6 О предчувствиях Лермонтова перед последним отъездом из Петербурга в 1841 г. известен рассказ А. М. Веневитиновой, дочери М. Ю. Виельгорского, записанный П. А. Висковатовым: ‘По свидетельству многих очевидцев, Лермонтов во время прощального ужина был чрезвычайно грустен и говорил о близкой, ожидавшей его смерти. За несколько дней перед этим Лермонтов с кем-то из товарищей посетил известную тогда в Петербурге ворожею, жившую у Пяти Углов и предсказавшую смерть Пушкина от ‘белого человека’, звали ее Александра Филипповна [Имеется в виду немка-гадалка Александра Филипповна Кирхгоф, которая упоминается в письмах и дневниках современников Пушкина и Лермонтова.], почему она и носила прозвище ‘Александра Македонского’, после чьей-то неудачной остроты, сопоставившей ее с Александром, сыном Филиппа Македонского. Лермонтов, выслушав, что гадальщица сказала его товарищу, с своей стороны, спросил: будет ли он выпущен в отставку и останется ли в Петербурге? В ответ он услышал, что в Петербурге ему вообще больше не бывать, не бывать и отставки от службы, а что ожидает его другая отставка, ‘после коей уж ни о чем просить не станешь’. Лермонтов очень этому смеялся, тем более что вечером того же дня получил отсрочку отпуска и опять возмечтал о вероятии отставки. ‘Уж если дают отсрочку за отсрочкой, то и совсем выпустят’, — говорил он. Но когда нежданно пришел приказ поэту ехать, он был сильно поражен. Припомнилось ему ‘предсказание’ (Висковатов, с. 332—333).

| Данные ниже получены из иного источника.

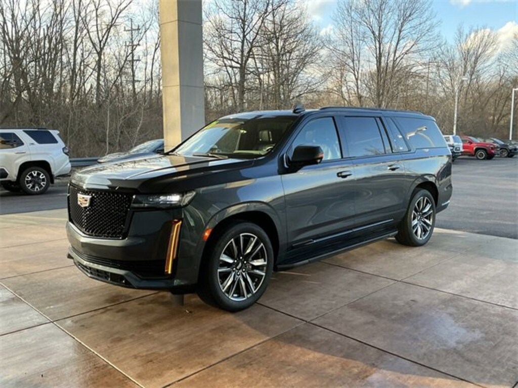 Jeff Wyler Springfield Auto Mall is very proud to offer this outstanding-looking 2021 Cadillac Escalade ESV Sport Platinum in Shadow Metallic. Well equipped with: Driver Assist Tech Package (Adaptive Cruise Control, Air Ride Adaptive Suspension, Automatic Seat Belt Tightening, Enhanced Automatic Emergency Braking, Illuminating Front & Rear Sill Plates, Reverse Automatic Braking, and Soft Closing Front & Rear Doors), Heavy-Duty Trailering Package (2-Speed Active Transfer Case, Extra Capacity Cooling System, Trailer Tire Pressure Monitoring System, Trailering Assist Guidelines, and Wired Auxiliary Trailer Camera (LPO)), Preferred Equipment Group 1SH (Air Ionizer, AKG Studio Reference 36-Speaker Audio System, Body-Color Door Handles, Door Lock & Latch Shields, Electronic Limited-Slip Differential, Enhanced Automatic Parking Assist, Floor Console w/Covered Storage, Glass Breakage Sensor, Hitch Guidance w/Hitch View, In-Vehicle Trailering System App, Integrated Trailer Brake Controller, Lane Keep Assist w/Lane Departure Warning, Platinum Interior Trim, Power Panoramic Tilt-Sliding Sunroof, Rear Camera Mirror, Rear Camera Mirror Washer, Rear Cross Traffic Alert, Rear Seat Entertainment System, Reconfigurable Full-Color Head-Up Display, Running Board Assist Steps, Theft-Deterrent Alarm System, Trailer Side Blind Zone Alert, Vehicle Inclination Sensor, and Vehicle Interior Movement Sensor), 16.9 Diagonal OLED Infotainment Screen, 2-Presets Memory For Driver Seat Adjuster, 3.23 Axle Ratio, 3rd row seats: split-bench, 4-Way Power Driver Lumbar Seat Adjuster, 4-Way Power Front Passenger Lumbar Seat Adjuster, 4-Wheel Disc Brakes, 8-Way Power Driver Seat Adjuster, 8-Way Power Front Passenger Seat Adjuster, A/V remote, ABS brakes, Adaptive suspension, Air Conditioning, Alloy wheels, AM/FM radio: SiriusXM with 360L, Apple CarPlay/Android Auto, Audio memory, Auto High-beam Headlights, Auto tilt-away steering wheel, Auto-dimming door mirrors, Automatic temperature control, Brake assist, Bumpers: body-color, Compass, Delay-off headlights, Door auto-latch, Driver door bin, Driver vanity mirror, Dual front impact airbags, Dual front side impact airbags, Electronic Stability Control, Emergency communication system: OnStar and Cadillac connected services capable, Four wheel independent suspension, Front anti-roll bar, Front Bucket Seats, Front Center Armrest w/Storage, Front dual zone A/C, Front reading lights, Full Semi-Aniline Leather Seats, Fully automatic headlights, Garage door transmitter, Genuine wood console insert, Genuine wood dashboard insert, Genuine wood door panel insert, HD Radio, Headphones, Heads-Up Display, Heated & Ventilated Driver & Front Passenger Seats, Heated door mirrors, Heated Driver & Front Passenger Seats, Heated front seats, Heated rear seats, Heated steering wheel, Illuminated entry, Leather steering wheel, Low tire pressure warning, Magnetic Ride Control Suspension, Memory seat, Navigation System, Night Vision, Not Equipped w/Automatic Stop/Start, Not Equipped w/Steering Column Lock, Occupant sensing airbag, Outside temperature display, Overhead airbag, Overhead console, Panic alarm, Passenger door bin, Passenger vanity mirror, Power door mirrors, Power driver seat, Power Liftgate, Power Lumbar Massage Driver Seat, Power Lumbar Massage Front Passenger Seat, Power moonroof, Power passenger seat, Power steering, Power windows, Puddle Lamps w/Cadillac Crest (LPO), Radio data system, Radio: AM/FM/SiriusXM w/Navigation, Rain sensing wipers, Rear air conditioning, Rear anti-roll bar, Rear audio controls, Rear reading lights, Rear window defroster, Rear window wiper, Remote keyless entry, Roof rack: rails only, Security system, SiriusXM w/360L, Speed control, Split folding rear seat, Spoiler, Steering wheel memory, Steering wheel mounted audio controls, Super Cruise, Tachometer, Teen Driver, Telescoping steering wheel, Tilt steering wheel, Traction control, Trip computer, Tu
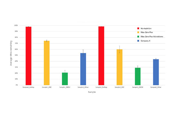 Ribo-Zero Plus Microbiome rRNA Depletion Kit可有效去除粪便样本中的rRNA(5S、16S和23S)水平。将Ribo-Zero Plus rRNA Depletion试剂盒的检测结果与X公司的市售核酸去除试剂盒进行了比较。共检测了两份粪便混合物样品。
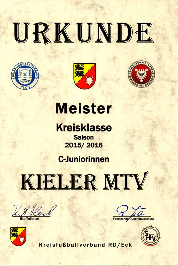 Vor dem Anstoß des letzten Punktspiels der Saison stattete der Mädchenreferent des KFV Plön und Staffelleiter der kreisübergreifenden Kreisklasse KI/PLÖ/RD-ECK, Kurt Heuck den KMTV C-Mädchen einen Besuch ab. Er gratulierte den Mädchen zur Meisterschaft in der Kreisklasse und überreichte die Meisterschaftsurkunde, ein Plüschtier für die Torhüterin und Naschis für alle. Der Kieler MTV bedankt sich bei Kurt Heuck für die Aufmerksamkeit und gratuliert der Mannschaft und Trainer Alex Still zum erfolgreichen Verlauf der Saison.
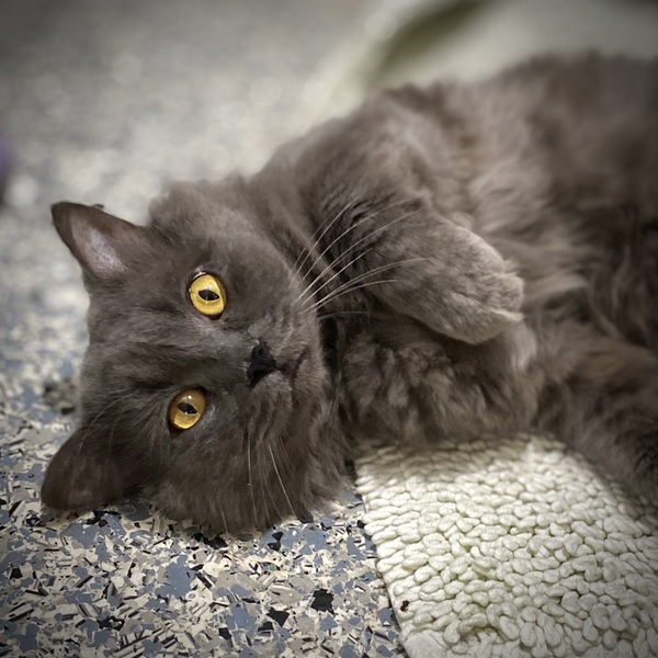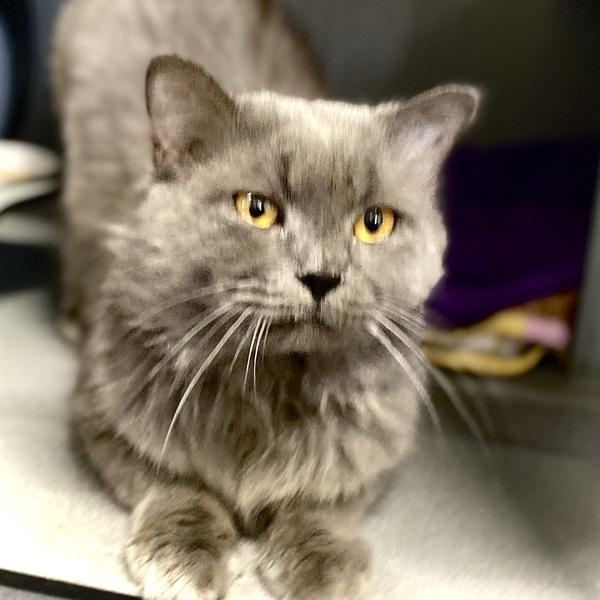 Please meet our very special boy! Do you find that hearing your cat purring to be very soothing to you? We have Hudson who can do that for you. He has lots of time for this and will be a great companion. Hudson has thick, grey fur, a slightly squishy face and the most outstanding gold eyes. He has a wonderful gentle nature. Once he loves you, you won't be on your own anymore. For Hudson's longevity and care, please read on:-
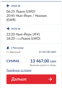 Львів – Нью-Йорк, 20 лютого – 4 березня: 408 євро (ручна кладь — 8 кг + багаж – 2 х 23 кг).
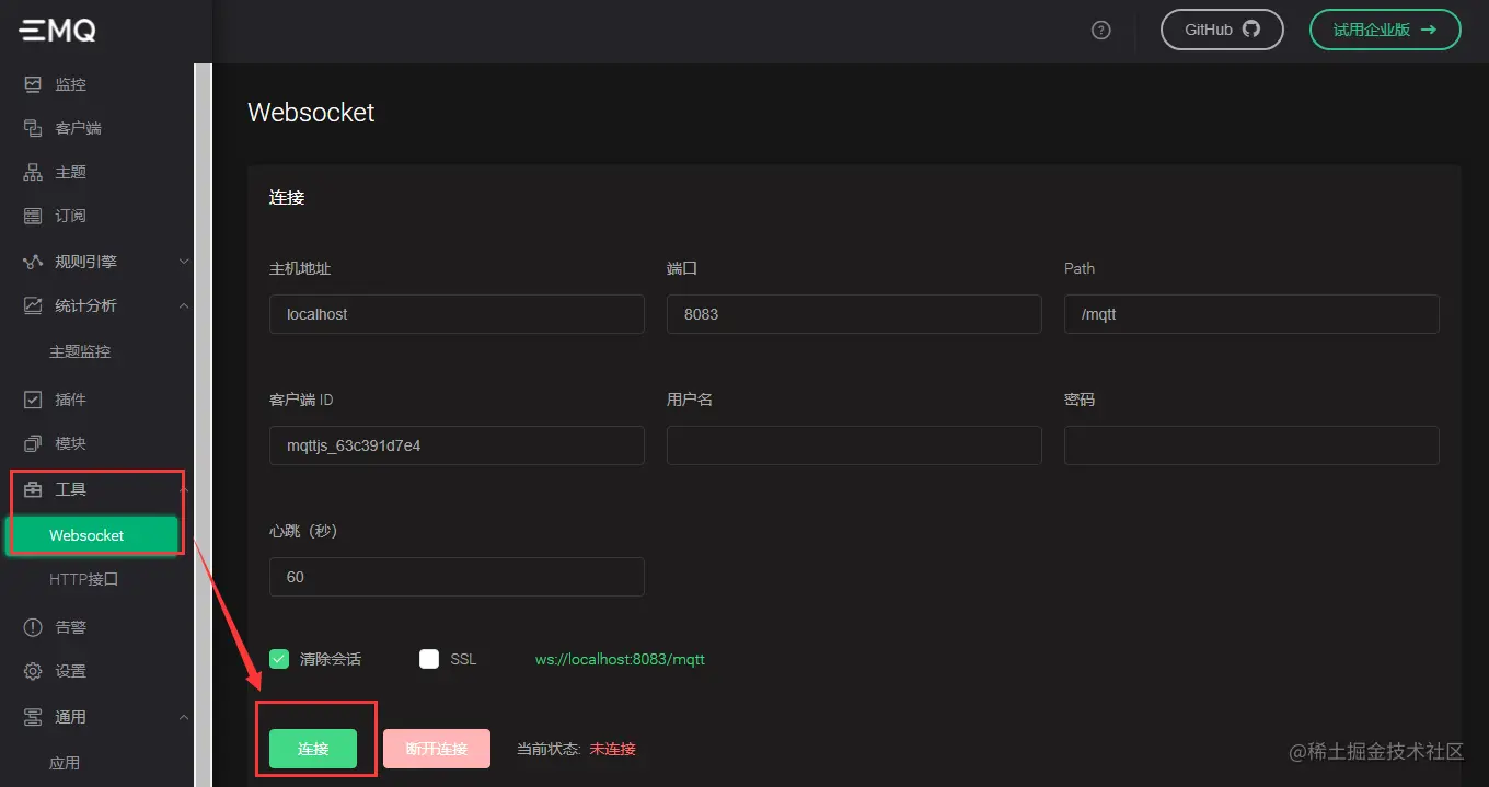 http://127.0.0.1:18083/,账号admin,密码public,进入管理界面 - 工具 - Websocket,选择连接
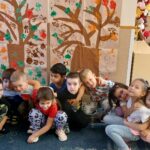 Szeptemberben újra megkezdtük a boldogság programot a Katica csoportban. A boldogságfokozó hála gyakorlása volt a téma. Nagy szeretettel fogadtuk új kiscsoportos gyermekeinket és hálát adtunk, hogy újra együtt lehetünk. Bagdy Emőke: „napimádás” relaxációs gyakorlatával kezdtünk. Többször megismételtük a gyakorlatot, mert nagyon tetszett a gyermekeknek, mivel a fújásnak hallható volt a hangja. Beszélgettünk a gyerekekkel arról, hogy szerintük mi a hála; miért/kiért lehetünk hálásak, és arról, hogy milyen jó érzés kapni és adni is a kedves szavakat. Ezt követően egy mókus kesztyűbáb segítségével elmeséltem nekik „A kis mókus hálás napja” c. mesét. A gyermekek nagy figyelemmel hallgatták a mesét és az azt követő kérdésekre nagyon ügyesen válaszoltak. Egy kisfiú, aki középső csoportos, a saját szavaival elmesélte a mesét, ami minden gyermeknek nagyon tetszett. Ezt követően két hálafát készítettünk, mivel egy papírhoz nem sok gyermek fért oda. A gyerekek nagyon élvezték a közös munkát, nagy örömmel festették tenyérnyomattal a színes leveleket. A közös hálafa készítése után kiszínezték a gyermekek a hálát jelző virágot, majd a gyermekek rárajzolták annak a társuknak a jelét, akinek oda adták. Köralakítást követően a gyerekek egy labdát adtak társuknak és akinél a labda volt, elmondta, hogy miért hálás. A tevékenységet Bagdi Bella: Boldog vagyok c. dalának meghallgatásával zártuk. A gyerekek önfeledten táncoltak, ugráltak, megmutatták mennyire boldogok. A foglalkozás középpontjában a hála érzésének megélése és kifejezése állt, amely az egész tevékenységet áthatotta. A beszélgetőkör, a dalok megalapozták a pozitív érzelmi légkört, a gyerekek felszabadultan, mosolygósan vettek részt, örömmel kapcsolódtak be a tevékenységekbe.
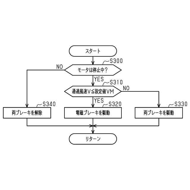 前記モータに加え、前記モータの出力軸に対して制動力を付与する電磁式の電磁ブレーキと、前記タワーに対する前記ナセルの相対回転に対して制動力を付与する流体圧力式の摩擦ブレーキとを制御対象とし、
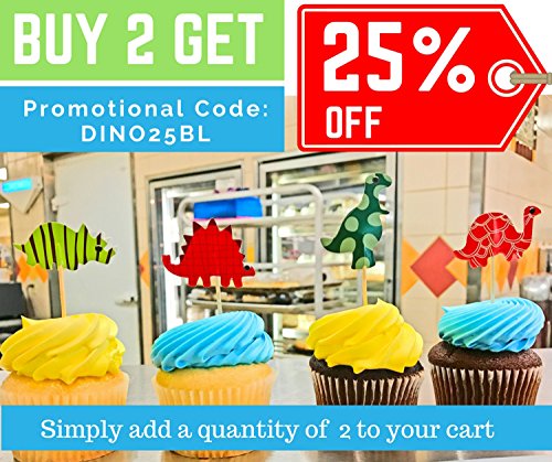 Bonitolife Assorted Dinosaur Cupcake Toppers with Bonus Tips, Recipes and Coloring Pages PDF - For Arts & Crafts, Party Supply Favors, Decorations, Birthdays, and Celebrations - Set of 24
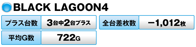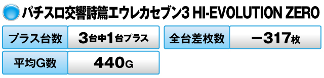 同様に、『アナターのオット!?はーです』、『パチスロ交響詩篇エウレカセブン3 HI-EVOLUTION ZERO』、『BLACK LAGOON4』の3機種は、いずれも優秀な挙動を見せていながら結果が伴わず、マイナスに甘んじてしまった。
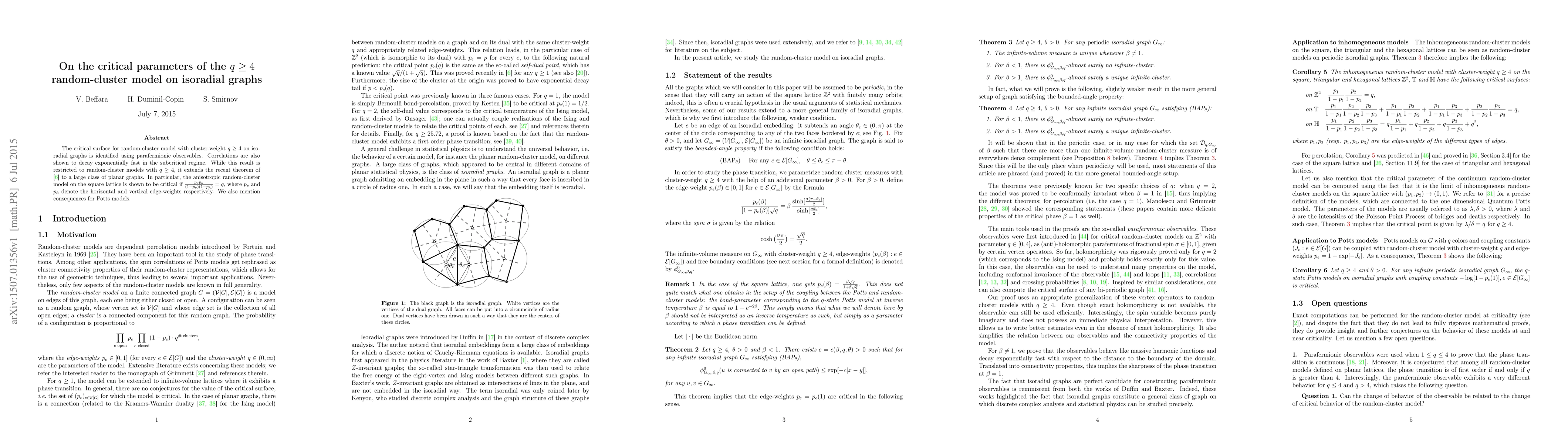 Summary: The paper identifies the critical surface for the random-cluster model with $q\ge 4$ on isoradial graphs using parafermionic observables, demonstrating exponential decay of correlations in the subcritical regime. It extends findings to a broad class of planar graphs, including the anisotropic random-cluster model on the square lattice, and discusses implications for Potts models.
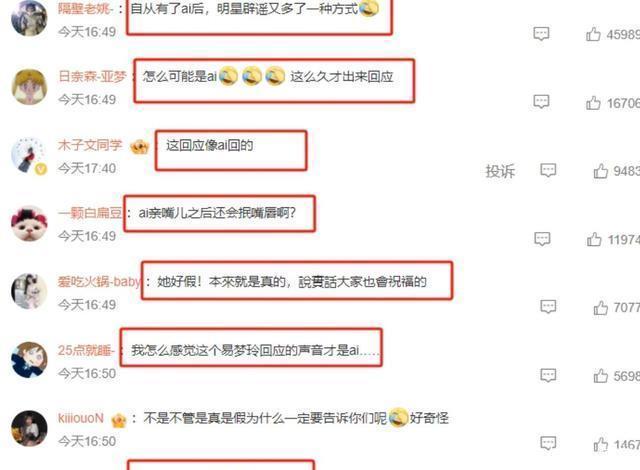 本以为这真的是易梦玲对恋情的回应,不料没多久就有人出来打假了, 该网友表示,易梦玲接到电话后以为是私生,所以才回应是AI, 明眼人都知道,那段视频不可能是AI,那么清晰、自然,根本看不出AI的痕迹。
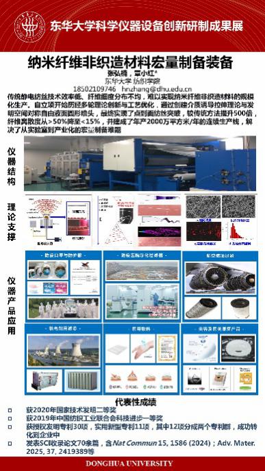 覃小红教授团队研发的纳米纤维非织造材料宏量制备装备,聚焦传统静电纺丝纤维细度不均、生产效率低、离散度高的瓶颈问题,破解该材料在防护、过滤、医疗等高端领域的应用制约。团队以“理论创新-技术发明-装备集成” 路径推进,先创建微纳米纤维介质诱导拉伸理论奠定基础,再创新发明空间对称自由液面圆形喷头(生产效率较传统提升 500),最终建成年产 2000万平方米连续化生产线。该装备不仅解决量产难题,还将纤维直径离散度从50%以上降至15%以下,并突破自由液面静电纺丝国际技术瓶颈。目前,项目获30项授权发明专利并实现技术转化,斩获2020年国家技术发明二等奖等荣誉,发表SCI论文70余篇,为国家战略领域提供关键材料支撑,确立我国在该技术领域的国际领先地位。
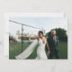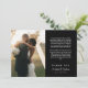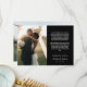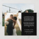 Carte de remerciements romantique avec deux de vos photos de mariage, une plus petite d'un côté et une plus grande de l'autre. Merci et votre date de mariage écrit dans une police blanche nette avec vos noms dans un script romantique avec un texte de remerciement imprimé ci-dessus sur un arrière - plan noir.
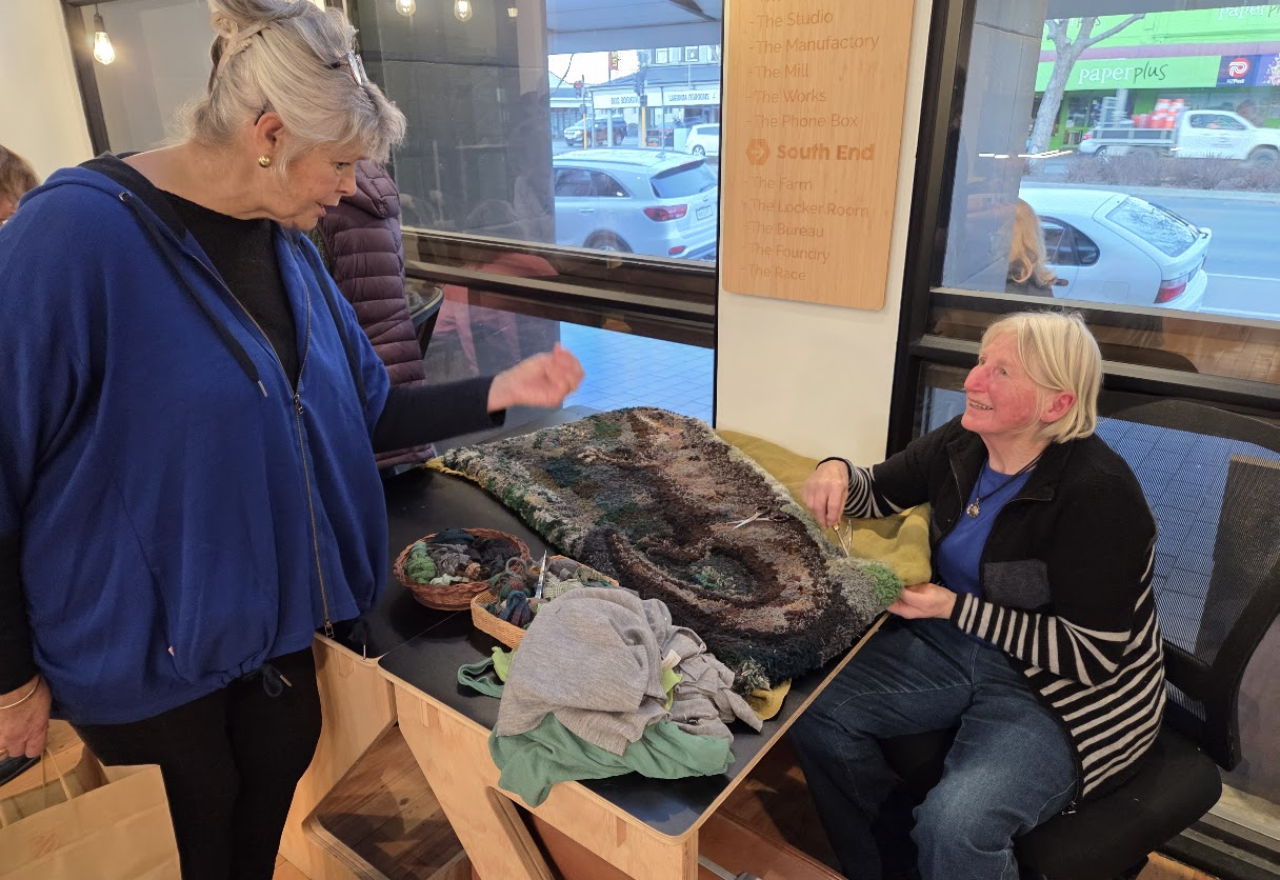 Roz Armstrong enjoying a laugh while showcasing rag rug making. Photo: Alex Regtien.
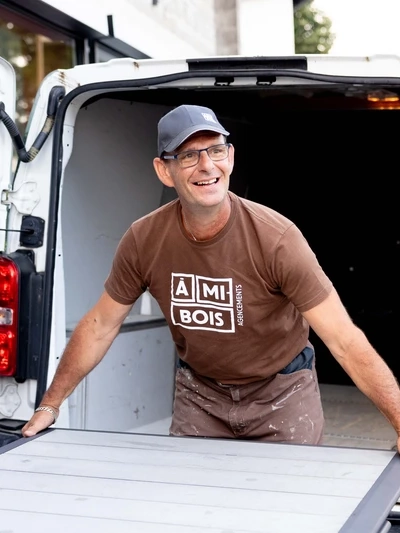 Entre atelier et projets, découvrez une première partie de l’équipe en images — dans son élément, entre copeaux, rires et savoir-faire.
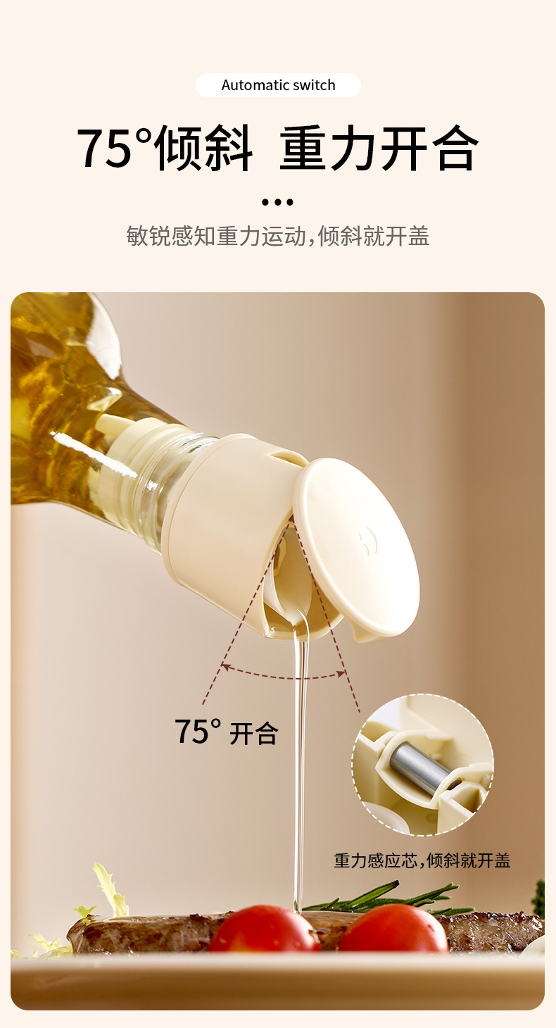 fasola kitchen silicone automatic opening and closing oil bottle nozzle non-drip backflow vinegar and soy sauce spice jar lid pouring nozzle
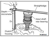 2. Using a depth micrometer and straightedge as shown, measure dimension “O2” between clutch housing end face and end face of input shaft rear bearing.

7 Такого рисунка Лермонтова не сохранилось.
8 Французский перевод стихотворения ‘Е. М. Хитровой’ (‘Вам холод света незнаком…’), о котором говорит Соллогуб, неизвестен. Русский текст его за подписью одного Соллогуба был опубликован в ‘Отечественных записках’ (1841, No 2, отд. 3, с. 251).
————————————————————-
Источник текста: Соллогуб В. А. Из воспоминаний // М. Ю. Лермонтов в воспоминаниях современников. — М.: Худож. лит., 1989. — С. 346—349.